> [WHAT TO DO]: Stop after the line holding "Tierlando ® Orthopädisches". Repeat exactly every line before it in the records below, that line too, and leave out the pictures.

>>

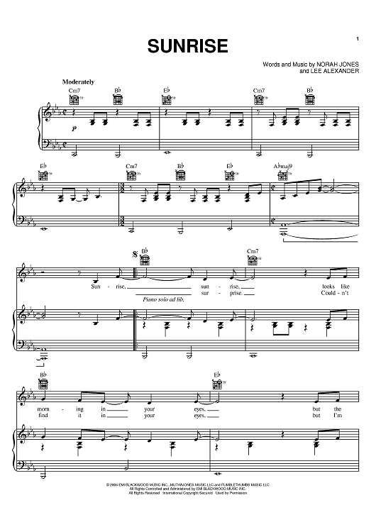 Digital Sheet Music for Sunrise by Norah Jones, Lee Alexander scored for Piano/Vocal/Chords; id:374583
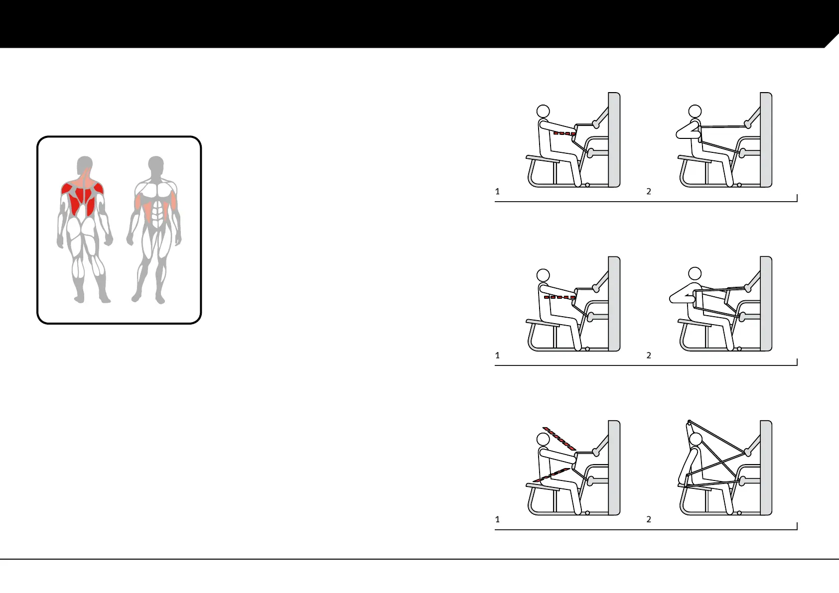 Technogym KINESIS STATIONS - USING THE PRODUCT - LOW PULL EXERCISES; Low row seated; Low row - reciprocal - seated; Combo reverse fly - alternating arms
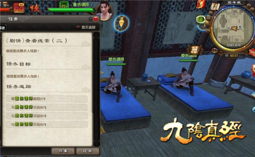 然后追查线索,被要求治疗重伤镖师并与受伤的其他镖师对话了解情况,此刻会发现要当一个合格的镖师还要具备捕快破案的本事,哈哈!所以我会继续发现可疑目标夏云卿,再跟踪他到酒楼,听他和宫女叽里呱啦聊天兮的事儿~
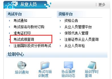 答:一:登录中国证券业协会,如果是已有证书,在左边有个“从业人员执业注册信息公示”,其中有按姓名、证件号码可以查询;如果现在没有证,只是成绩合格,就在首页右边有个考试成绩查询,证券从业人员资格考试成绩查询 ,输身份证号就可以。
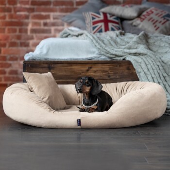 Tierlando ® Orthopädisches Hundebett Sammy VISCO | High-Tech-Velours | L - XXXXL beige 1,4 m, 30 cm, 1,05 m
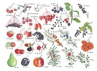 Een plaat vol vruchten; peer, appel, lijsterbes, bosbes, pruim, kers, duindoorn, vlierbes. Illustraties Jasper de Ruiter
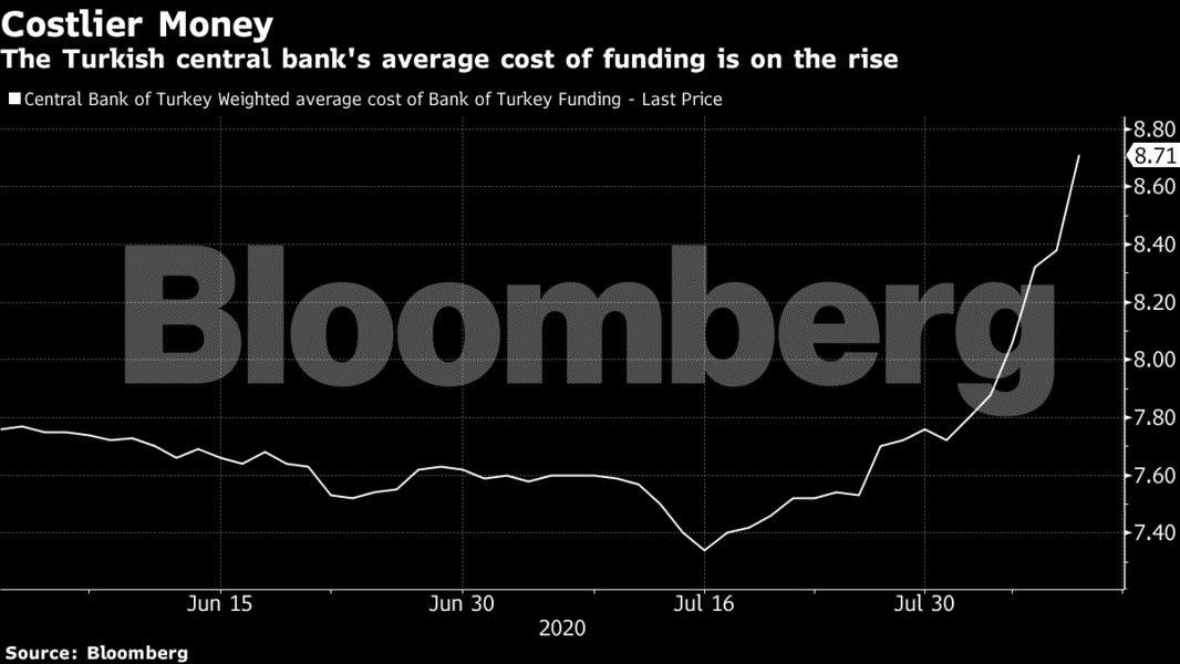 Προκειμένου να χαλαρώσει τις πιέσεις που δέχεται η τουρκική λίρα χωρίς να αυξήσει το βασικό της επιτόκιο η κεντρική τράπεζα της Τουρκίας παρείχε στις τράπεζες της χώρας ένα πιο ακριβό κανάλι χρηματοδότησης, τη δημοπρασία repo ενός μηνός.
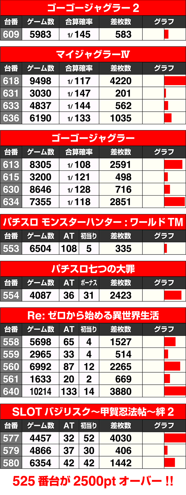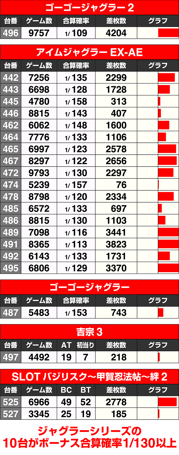 496番台の『ゴーゴージャグラー2』はボーナス合算確率は1/110超。525番台の『SLOTバジリスク~甲賀忍法帖~絆2』は差枚数が+2500ptを上回った。
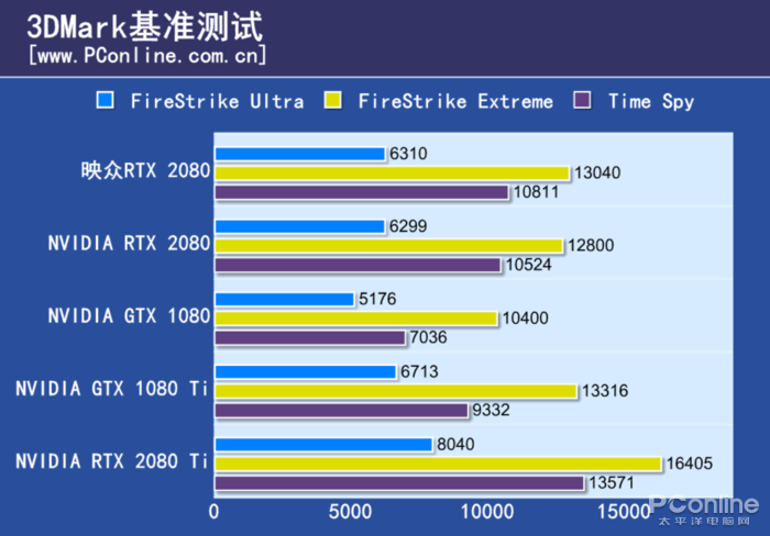 映众GeForce RTX 2080 冰龙超级版分别在三项测试中领先公版0.2%、1.9%和2.7%,这里FSU的分领先幅度很低,多次测试后结果依旧,公版PCB的对决,提升主要还是来自于频率。
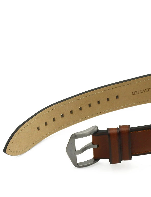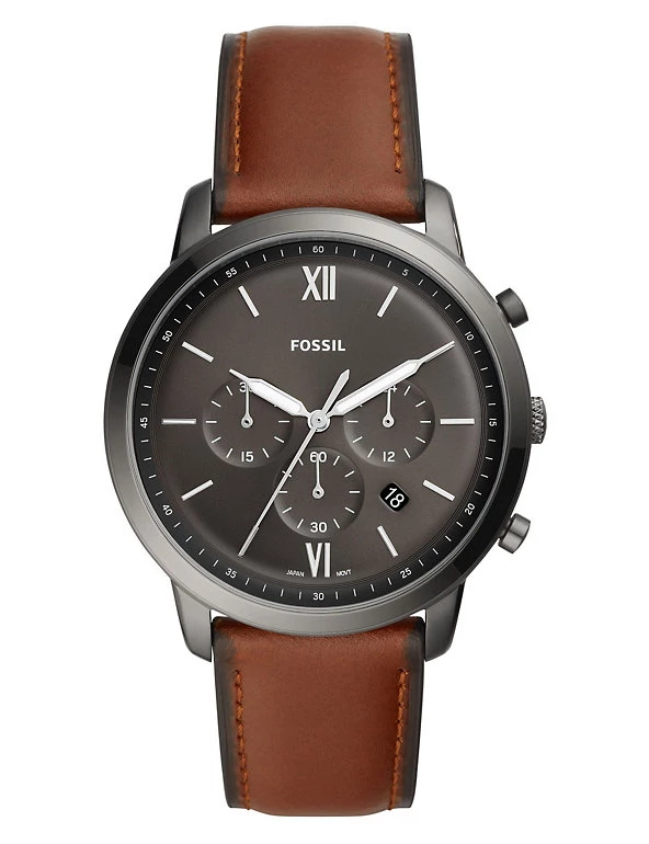 This elegant leather watch from Fossil features white hands and markings on a charcoal grey face, creating a stylish look. Twelve and six o’clock are marked with Roman numerals, with a bar for all the other hours. Minutes are marked around the outside of the dial and numbered every five minutes. There’s also a date window between four and five o’clock, plus three sub-dials with a chronograph minute hand, second hand and 24-hour hand. The buckled strap is crafted from smart brown leather. It’s water-resistant to 50 metres.

<<

> [ANSWER SPACE]:
 Digital Sheet Music for Sunrise by Norah Jones, Lee Alexander scored for Piano/Vocal/Chords; id:374583
 Technogym KINESIS STATIONS - USING THE PRODUCT - LOW PULL EXERCISES; Low row seated; Low row - reciprocal - seated; Combo reverse fly - alternating arms
 然后追查线索,被要求治疗重伤镖师并与受伤的其他镖师对话了解情况,此刻会发现要当一个合格的镖师还要具备捕快破案的本事,哈哈!所以我会继续发现可疑目标夏云卿,再跟踪他到酒楼,听他和宫女叽里呱啦聊天兮的事儿~
 答:一:登录中国证券业协会,如果是已有证书,在左边有个“从业人员执业注册信息公示”,其中有按姓名、证件号码可以查询;如果现在没有证,只是成绩合格,就在首页右边有个考试成绩查询,证券从业人员资格考试成绩查询 ,输身份证号就可以。
 Tierlando ® Orthopädisches Hundebett Sammy VISCO | High-Tech-Velours | L - XXXXL beige 1,4 m, 30 cm, 1,05 m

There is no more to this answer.